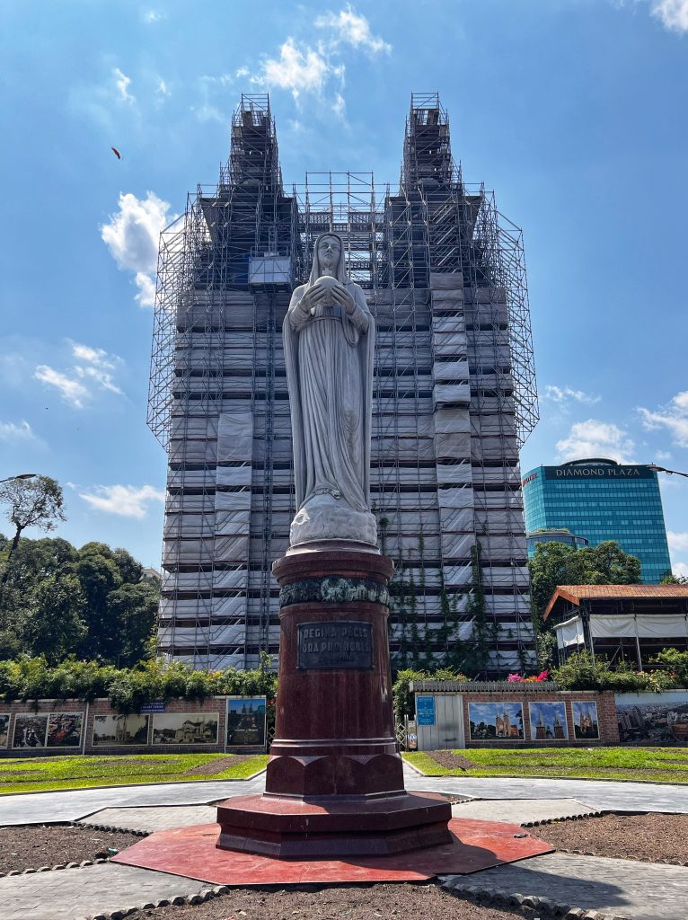 The Saigon Notre-Dame Cathedral Basilica, nicknamed the Red Church, and the Saigon Central Post Office were nearby, so we took the opportunity to visit them as well. Unfortunately, the Red Church was under renovation and completely closed to the public.
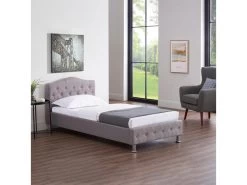 Lit Simple Pour Adulte JOLIEN Avec Sommier 120×190 Cm 1 Place Et Demi, Tête Et Pied De Lit Capitonnés Avec Strass, En Tissu Gris
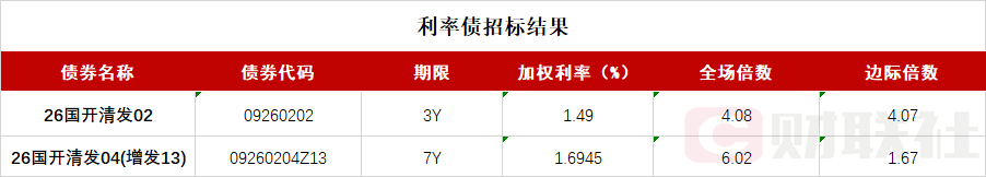 【国开行两期金融债已结束招标 3年期品种中标收益率1.6945%】

ASSIGNMENT>
Copy out exactly the lines from the one with "Lit Simple Pour" through the end of the listing, both ends included, omitting any picture.

RESULT OF THIS EXERCISE>
 Lit Simple Pour Adulte JOLIEN Avec Sommier 120×190 Cm 1 Place Et Demi, Tête Et Pied De Lit Capitonnés Avec Strass, En Tissu Gris
 【国开行两期金融债已结束招标 3年期品种中标收益率1.6945%】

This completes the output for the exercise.